# UberEats deliveries from Apple Store, WTF!



## Stray cat (May 28, 2016)

Yesterday, I got two “UberEats” in one pickup from my local Apple store…
“Apple” as in tech store not the 🍎 you can eat! I clicked to try to find out what I’d be picking up. I wondered whether they’d opened a small cafe there or something while customers wait? However, the “order” descriptions merely had like a ten digit code for each customer.

I get there…no cafe..same old tech store where I go for iPhone repairs. I asked why UberEats? They explained that Postmates used to contract with Apple to deliver phones. Now UberEats does it since Uber bought out Postmates.

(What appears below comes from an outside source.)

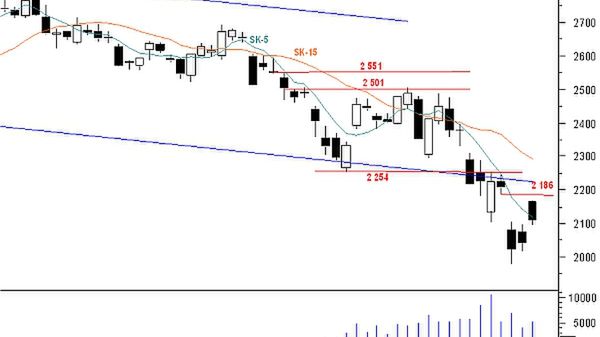 Wczorajsza sesja, podobnie jak poprzednia zakończyła się wzrostami, ale w stylu ponownie czarnej świecy. Po wysokim otwarciu (2 165 pkt), będącym reakcją na zamknięcie rynków amerykańskich i azjatyckich, notowania kontraktów systematycznie obsuwały się. Strona sprzedająca domknęła (cieniami) poranną lukę hossy, ale kupujący wykazali się determinacją i nie dopuścili do osiągnięcia przez kursy poziomu poniżej 2 096 pkt, wyznaczającego początek wspomnianej luki. Najbliższą barierą dla strony popytu jest poziom 2 186 pkt, gdzie znajduje się koniec luki bessy z 10.10. Ewentualny test tego poziomu wykaże intencje kupujących. Po wczorajszej sesji na wykresie kontraktów pojawiła się formacja wyspy odwrotu, która staje się argumentem popytu. Z drugiej strony notowania nadal poruszają się poniżej przełamanej linii trendu spadkowego, biegnącej aktualnie na 2 227 pkt. Tak więc obie strony rynkowe mają teraz konkretne argumenty po swojej stronie, chociaż wydaje się, że strona sprzedająca ma silniejsze. Obserwując

So it involves barcodes scanning by our phone onto each delivery bag to confirm pick up and again upon deliveries plus customer “signs” for delivery on our phone using her finger like a pen. Neither lady tipped, of course, following my 20 minute drive.

Not sure I want that responsibility again of delivery of valuable phones (I assume they were phones but bags were sealed) in case they somehow claim I delivered to wrong house.


----------



## FLKeys (Dec 27, 2018)

What did the deliveries pay?


----------



## Stray cat (May 28, 2016)

FLKeys said:


> What did the deliveries pay?


$21.60 for the two combined.


----------



## rideshareapphero (Mar 30, 2018)

Mark arrived, let the timer run out, enjoy your new ipad lol.


----------



## UberChiefPIT (Apr 13, 2020)

I just got one today. An iPad. Paid me $14. 🤬

These deliveries will always be NO TIP.


----------



## UberChiefPIT (Apr 13, 2020)

rideshareapphero said:


> Mark arrived, let the timer run out, enjoy your new ipad lol.

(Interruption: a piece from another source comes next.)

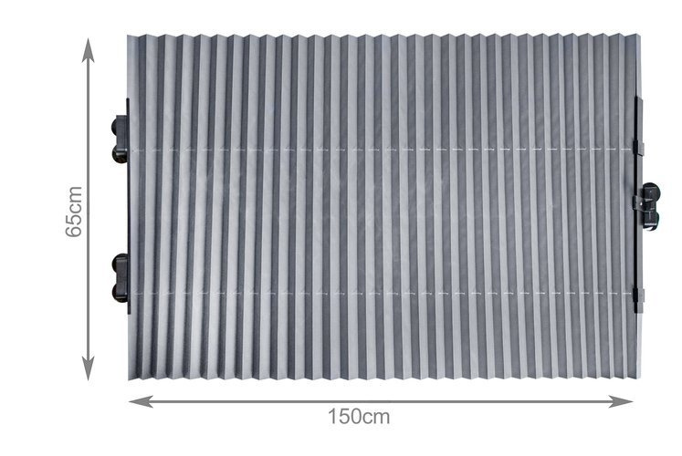 ŁATWY MONTAŻ - aby zamontować roletę na szybie samochodu, wystarczy przymocować ją za pomocą przyssawek dołączonych do zestawu z jednej strony, pociągnąć, a następnie przymocować w ten sam sposób z drugiej strony . Roleta rozkłada się jak akordeon na szybie samochodu. Dzięki temu nie zajmuje dużo miejsca i można go przewozić w samochodzie.

It won’t let you do that, btw. You don’t get any of those options.

Just a prompt to scan the barcode on the item (again) and get recipients signature.

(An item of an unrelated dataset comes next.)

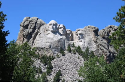 拉什莫爾國家紀念碑,包括了美國歷史上四位功勛卓著的總統的頭像,他們分別是喬治·華盛頓,托馬斯·杰弗遜,西奧多·羅斯福和亞伯拉罕·林肯。頭像的雕刻采用了高浮雕寫實的手法,突嵌在高大的山峰上。每尊頭像的高度約為18米,總面積約為20平方米,其中鼻子長度約7米,嘴的寬度為2.6米,眼睛寬1.5米。他們目光前視,儀表莊嚴,代表著美國政績的四大象征:創建國家、政治哲學、擴張與保守和解放黑奴。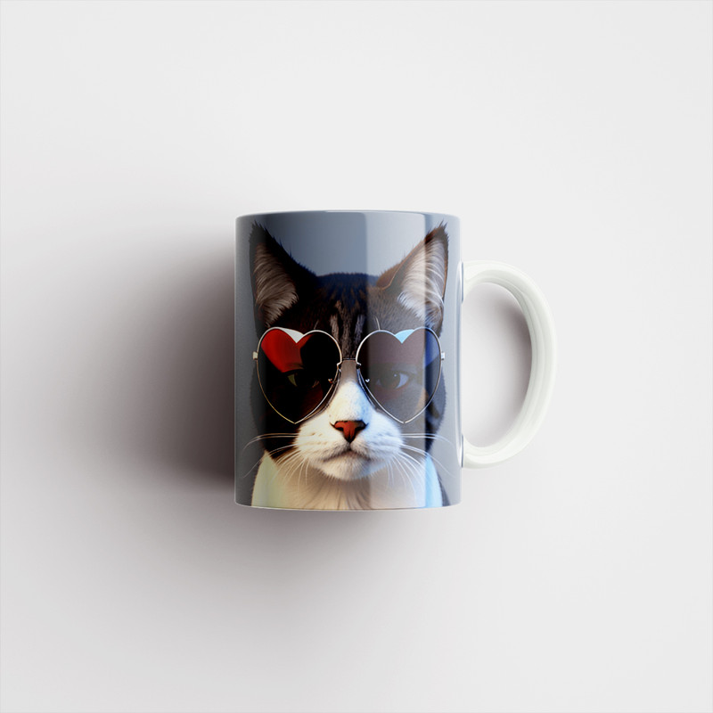 طرح ماگ : ماگ پاد آفرین طرح گربه مدل عینک قلبی کد 1251

Quick way to get deactivated and likely prosecuted for theft. Apple has deep pockets.


----------



## rideshareapphero (Mar 30, 2018)

UberChiefPIT said:


> It won’t let you do that, btw. You don’t get any of those options.
> 
> Just a prompt to scan the barcode on the item (again) and get recipients signature.
> 
> Quick way to get deactivated and likely prosecuted for theft. Apple has deep pockets.


Lol I was jk.


----------



## UberChiefPIT (Apr 13, 2020)

rideshareapphero said:


> Lol I was jk.


I figured. Apple probably tracks the GPS of all those items thru delivery, so they aren’t worried about something getting lost. They’ll find whoever has it.


----------



## Hexonxonx (Dec 11, 2019)

UberChiefPIT said:


> I just got one today. An iPad. Paid me $14. 🤬
> 
> These deliveries will always be NO TIP.


I used to tip the postmates person $10 when they delivered me things from Apple. A lot of people didn't though because they used to write on the bags to remember to tip the driver.


----------



## BooberEats (Aug 8, 2021)

UberChiefPIT said:


> I just got one today. An iPad. Paid me $14. 🤬
> 
> These deliveries will always be NO TIP.


I have done around 30 apple Istore deliveries since it came to uber eats. The base pay is decent, and apple bags never leak grease or brown sauce on your interior. But never a tip. I'm pretty sure there is no tip option on apple deliveries


----------